Friday, September 5, 2014

Basic shell navigation and trouble shooting

Here are some basic tips for navigating the shell that a biologist, like myself, may not know if you're just picking things up as you go. Some can save you a lot of time and/or a lot of frustration! For more see: A Command Line Primer for Beginners.

1. Personalize your bash_profile/bashrc.
   -Ls colors is a nice option to highlight executables, compressed files, directories, etc. This can save time for example if you spent all afternoon troubleshooting a program only to later realize it is not executable. It's also a quick way to see which files you can compress to reduce your quota on a server. See here for more on LS colors.
   -Add aliases to your bash profile to save time; can include shortcuts to directories, ssh shortcuts, and common commands (especially if you are attached to certain command options). Other tips for customizing your command prompt are here.

2. The power of less: I prefer less over more because it doesn't clutter up my terminal. It also only loads a page at a time, so for large files, it's nice to get a peak without having to open the whole thing up. You can also search within less, which may be faster than grep if you aren't sure what you are looking for. For more tips, try here or check the man page.

    -'/' and '?' allows you to search forward and backwards within a file
    -'g' and 'G' allow you to scroll to the beginning and end of a given file
   -'shift+F' allows you to turn on live streaming in a file that is currently being written
       note: alternative is tail -f, but this output will stay in your terminal afterwards
    -'-N+enter' adds line numbers
    -'###+g' scrolls to a specific line number in a file

3. Shortcuts on the command line. I've seen so many friends mistype on the command prompt and painstakingly back type the entire line. Below are few shortcuts to avoid this frustration, but for more check out: Keyboard Shortcuts for Bash.

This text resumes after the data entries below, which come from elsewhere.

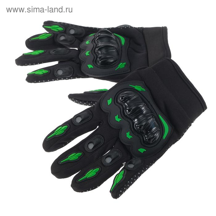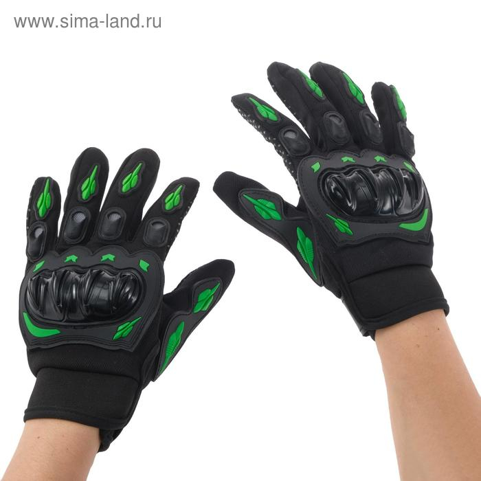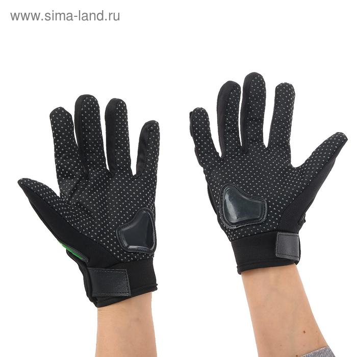 Перчатки мотоциклетные с защитными вставками, пара, размер XL, черно-зеленый
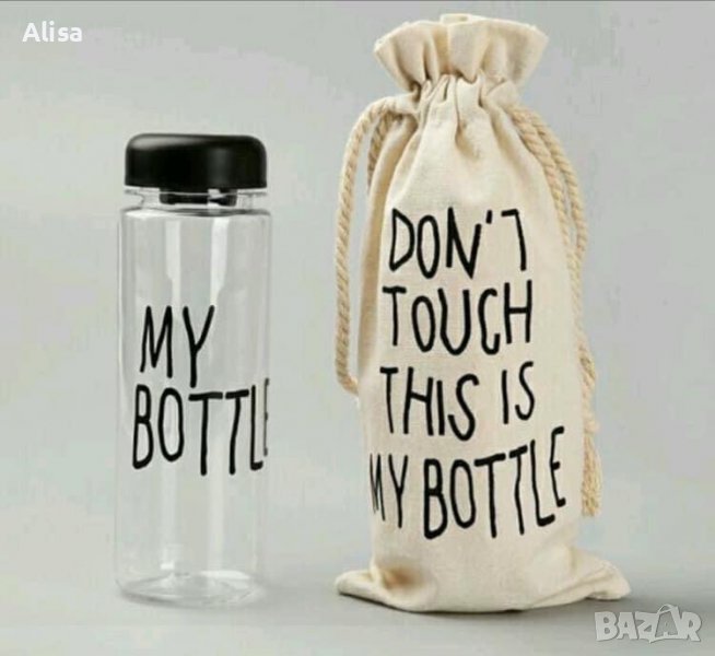 Бутилка + калъф с надпис "Не пипай това е моята бутилка” 🖤 → Обява 38540764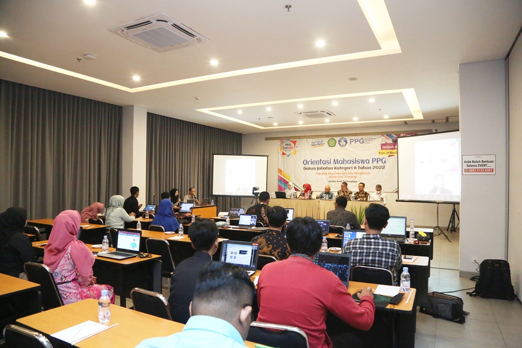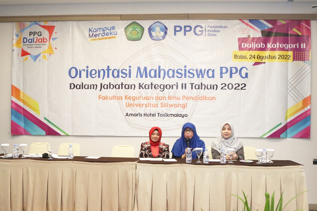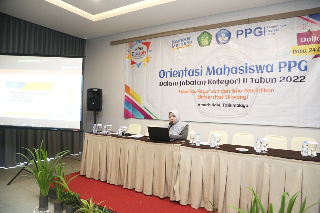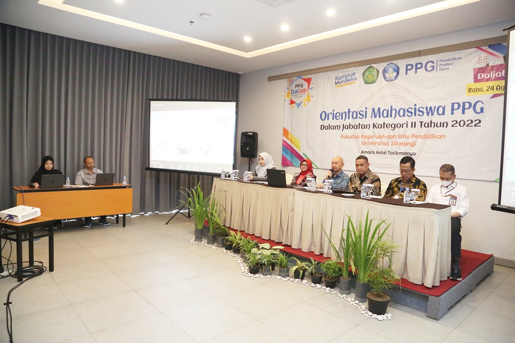 Tasikmalaya (24/08/2022) Berdasarkan surat dari Plt. Direktur Pendidikan Profesi Guru Direktorat Jenderal Guru dan Tenaga Kependidikan nomor 1884/B2/GT.00.05/2022 tanggal 18 Agustus 2022 perihal penetapan Mahasiswa dan Mekanisme Lapor Diri PPG Dalam jabatan Kategori II Tahun 2022, maka akan dilaksanakan Orientasi Mahasiswa PPG dalam Jabatan Kategori II Tahun 2022. Kegiatan yang dilaksanakan secara hybrid ini berlangsung diawali dengan laporan yang disampaikan oleh ketua koordinator PPG (Dr. Diana Hernawati, M.Pd.), setelah itu disampaikan sambutan oleh Dekan FKIP (Dr. Hj. Nani Ratnaningsih, M.Pd.) dan sambutan serta pembukaan acara secara langsung oleh Rektor Universitas Siliwangi, Dr. Ir. Nundang Busaeri, M.T., IPU. Acara juga dihadiri langsung oleh Wakil Rektor Bidang Akademik (Prof. Dr. Dedi Kusmayadi, S.E., M.Si., Ak., CA., CPA), Wakil Rektor Bidang Umum dan Keuangan (Dr. Gumilar Mulya, Drs., M.Pd.), Kepala Biro Umum dan Keuangan (Drs. Nana Sujana, M.SI.), Wakil Dekan I FKIP (Dr. Hj. Iis Lisnawati, M.Pd.) dan Wakil Dekan II FKIP (Dr. H. Endang Surahman, M.Pd.).

Ctrl+a moves to beginning of the prompt
Ctrl+e moves to the end
Ctrl+k erases everything after the cursor
Ctrl+u erases everything before the cursor
Tab to autocomplete filenames from within your path

4. Quick and useful one-liners. Lots of times I do very simple text manipulation that a simple one-liner can do efficiently as compared to a separate script. The nice thing about performing these tasks on the command line is that it makes it easier to employ piping the output from one into the next to avoid lots of intermediate files, that later avoid deletion or archiving. 

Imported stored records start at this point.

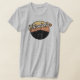 Mvskoke soletrando Muscogee T-shirt com representação de Okmulgee Mound e gradiente de pôr do sol.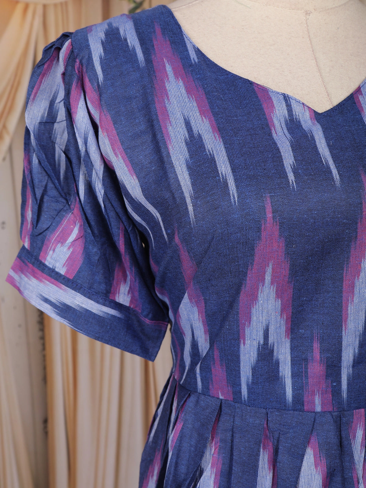 The design features a fit-and-flare silhouette with a gathered waistline that adds gentle volume and flow. The all-over Ikat weave pattern in soft blue and ivory tones brings a serene and refreshing vibe. The round neckline paired with puffed half sleeves and turned-up cuffs lends a youthful, contemporary edge. A subtle tiered detailing near the hemline adds texture and movement, making this kurti an ideal choice for casual days, work wear, or relaxed weekend outings.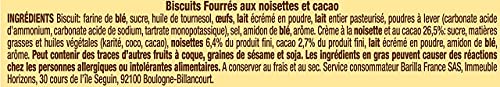 Biscuit : farine de BLÉ, sucre, huile de tournesol, OEUFS, LAIT écrémé en poudre, LAIT entier pasteurisé, poudres à lever (carbonate acide d’ammonium, carbonate acide de sodium, tartrate monopotassique), sel, amidon de BLÉ, arôme. Crème à la NOISETTE et au cacao 26,5%: sucre, matières grasses et huiles végétales (karité, coco, cacao), NOISETTES 6,4% du produit fini, cacao 2,7% du produit fini, LAIT écrémé en poudre, amidon de BLÉ, arôme. Peut contenir des traces d’autres FRUITS À COQUE, GRAINES DE SÉSAME et SOJA.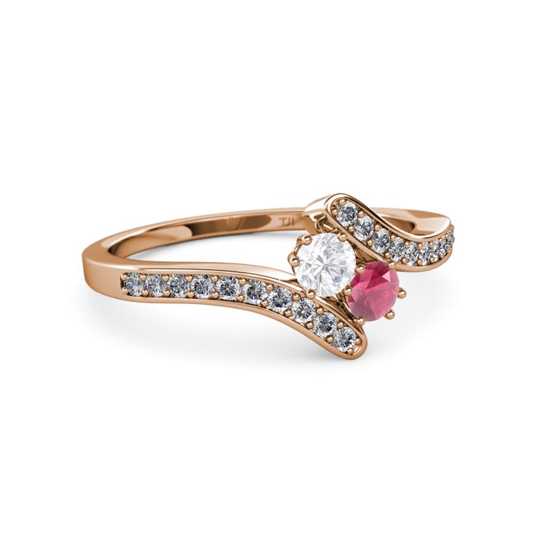 Designed with a meaningful expression of love, this Ring have mesmerizing combination of White Sapphire & Rhodolite Garnet which represents you & your loved one embraced by fascinating Diamond bypass shank symbolizing that your life revolves around each other.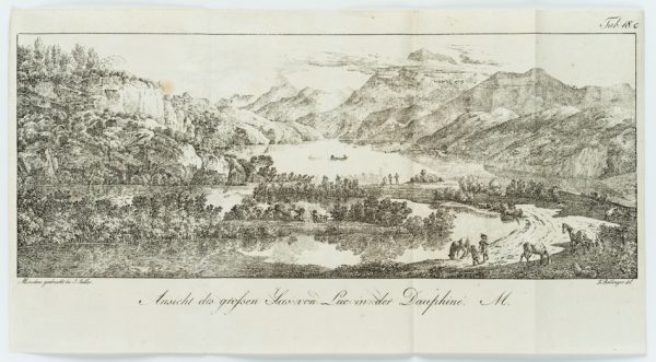 - Bezeichnung: Unterhalb der Darstellung in der Druckplatte vom Künstler signiert und in deutscher Sprache bezeichnet: “Ansicht des Grossen Sees von Luc in der Dauphiné. M.”. Der Druck erfolgte bei Jospeh Sidler in München. Oberhalb befindet sich die Nummerierung “Tab[ula] 18c”.
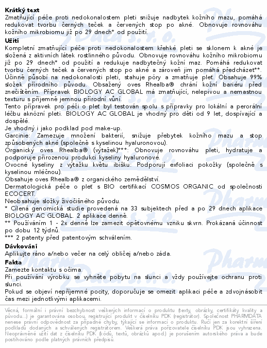Zmatňující péče proti nedokonalostem pleti snižuje nadbytek kožního mazu, pomáhá redukovat tvorbu černých teček a červených stop po akné. Obnovuje rovnováhu kožního mikrobiomu již po 29 dnech* od použití.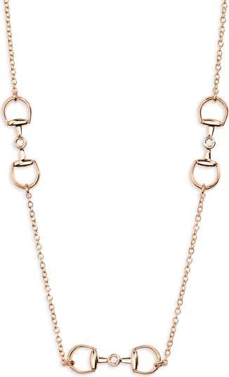 House-signature horsebit hardware centered with round bezel-set diamonds segments out this Italian-crafted necklace made of high-polish 18-karat rose gold.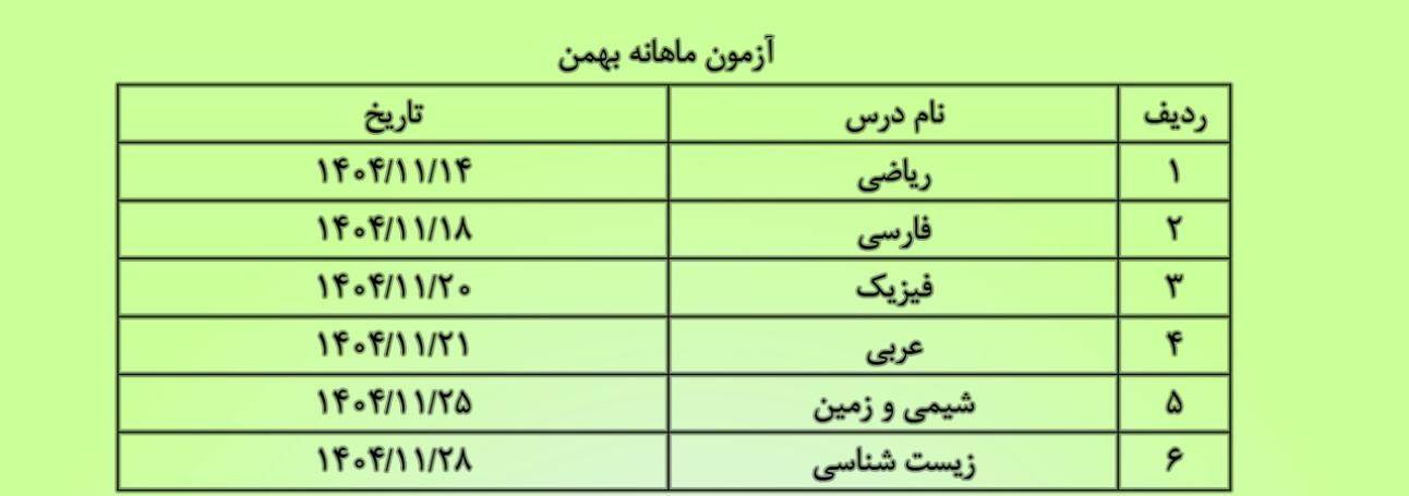برای مشاهده و دانلود برنامه آزمون های ماهانه بهمن ماه کلیلک کنید.
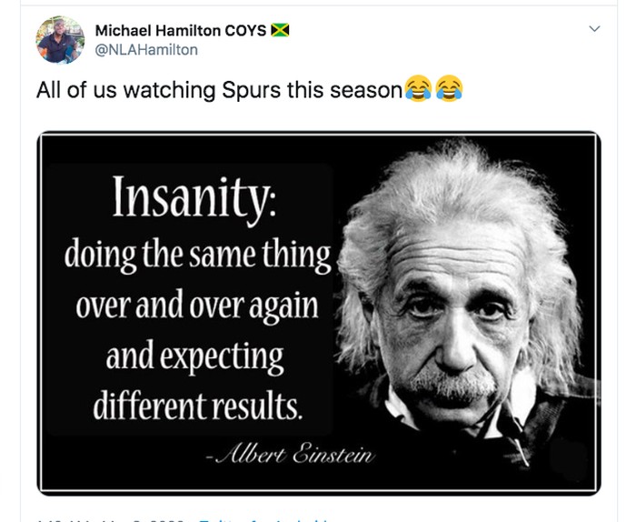 Netizen ini menyelipkan quote Albert Einstein bahwa adalah kegilaan melakukan hal yang sama terus menerus dan mengharapkan hasil yang berbeda. Foto: istimewa
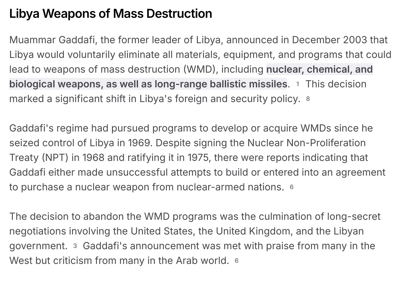 I'll guess Kim Jung etc, who isn't exactly a threat to the US. But he CAN shoot missles 20 miles out into the ocean...fishermen beware!Guess which dictator hasn't given up their nukes and hasn't since been sodomized to death in the streets?

Get column sum or average quickly using awk:
$ awk '{sum+=$4} END {print $4/NR}' somefile #calculates average across column 4 (remove '/NR' to get only the sum of column 4)

Add header to file using sed (-i option edits files in place):
$ sed -i '1s/^/header\n/' somefile #add header or other text before the first line of somefile

Convert file with chr1 to 1 or vice versa (useful for switching from UCSC to Ensembl files):
$ sed -i 's/chr//g' OR sed -i 's/^/chr/g'

Count the number of fasta entries in a fasta file (more grep tips):
$ grep "<" infile.fasta | wc -l

Convert line endings from MAC to unix/linux:
$ cat macinput.txt | tr "\r" "\n" > unixoutput.txt

Quickly check the syntax of your script without running it:
$ perl -wc script.pl
$ python -m py_compile script.py

Find a lost file (searches within current directory and all subdirectories), more find stuff:
$ find ./ -name somelostfile.txt   

Change something across multiple files:
find ./ -name "REGEX" -print | xargs sed -i 's/old/new/g'

More one-liners can be found here: Useful linux one-liners for bioinformatics. Also, I use awk and sed a lot and for loops in bash are pretty useful. This list is by no means comprehensive, but it's a great start! Feel free to add any additional tips or links in the comments!